上手な逝き方 大村英昭・嵐山光三郎著 集英社 735円
本誌連載中の浄土真宗本願寺派元住職と作家が、老いや死を避けようとする風潮について論じた対談集。「千の風になって、どこへ行く?」「無縁社会と『おひとりさま』」など。新書判。
親鸞と道元 五木寛之・立松和平著 祥伝社 1575円
それまでの仏教と比べ、親鸞や道元の教えは何が新しかったのか。両者の共通点はどこにあるのか。昨年亡くなった立松和平の最後の対談集。「戒律を守った道元、破戒した親鸞」他。
CD 慈愛LOVE ラグインターナショナルミュージック 2500円
日本を代表する演奏家四人(山下洋輔、日野皓正、安達久美、岡本博文)が、僧侶らの読経に合わせて即興演奏を行った異色コラボレーションCD。

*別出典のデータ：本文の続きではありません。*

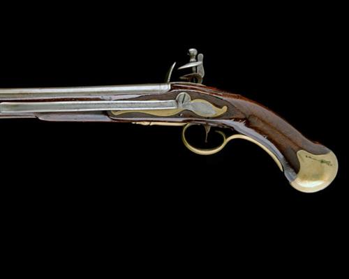 dated for 1800, with slightly swamped tapering 12in. iron barrel, moulded band and Tower proofs at breech, squared solid top-tang, flat lockplate with pointed tail signed 'TOWER', 'G.R.' and crown device forwards of hammer together with ordnance stamps, borderline engraved hammer, walnut full-stock with carved apron around the top-tang and small date stamp to top-right of wrist, 'WS' or '9' stamp behind side-plate, brass furniture, long iron belt-hook fixed to the left hand side, brass-tipped ramrod and further traces of inspector's marks to the ramrod channel

妙音による極楽浄土が広がる。
誰も書かなかった親鸞 同朋大学仏教文化研究所編 法藏館 2940円
親鸞聖人絵伝には、何が描かれているのか。伝承や定説には書かれなかった親鸞の姿を、研究者十人が論じる。「二つの絵巻からみた師弟関係」他。
語る禅僧 南直哉著 筑摩書房 819円
只管打坐を説く曹洞宗にあって「語る」とは、どういうことか。青森・恐山院代をつとめる著者が現代と禅を結ぶ言葉を道元の教えから探る。文庫判。
笑う禅僧「公案」と悟り 安永祖堂著 講談社 798円
著者は天龍寺国際禅堂師家で花園大学教授。公案集『無門関』を「シアトルのイチローはゼン・フェイス」などと斬新な切り口から読み解く。新書判。
日本的 玄侑宗久著 海竜社 1500円
作家で福島県の臨済宗妙心寺派住職が問うこの国のかたち。「ノイズの中の神」「吾れ唯だ足るを知る」「達磨さんの心―ただ見よ、そして現せ」他。
ほんとうは大事な「お葬式」 村越英裕著 大法輪閣 1785円
本誌別冊に連載中の臨済宗妙心寺派住職による葬儀文化論。なぜ人類はお葬式をするようになったのか、死者の旅路についてなど分かりやすく解説。
「脳」を変える「心」 シャロン・ベグリー著 バジリコ 1890円
人間の心と脳神経は、いかに相互作用するのか。ダライ・ラマ十四世と神経科学者が、仏教と最先端科学の立場からディスカッションした記録が一冊にまとめられた。翻訳は茂木健一郎。
花と死者の中世 中島渉著 解放出版社 1785円
「キヨメとしての能・華・茶」が副題。仏教と縁の深い古典芸能は中世被差別民が創出した宗教文化だった。芸術の背景にあるケガレとキヨメの意識を分析。「石立僧と山水河原者」など。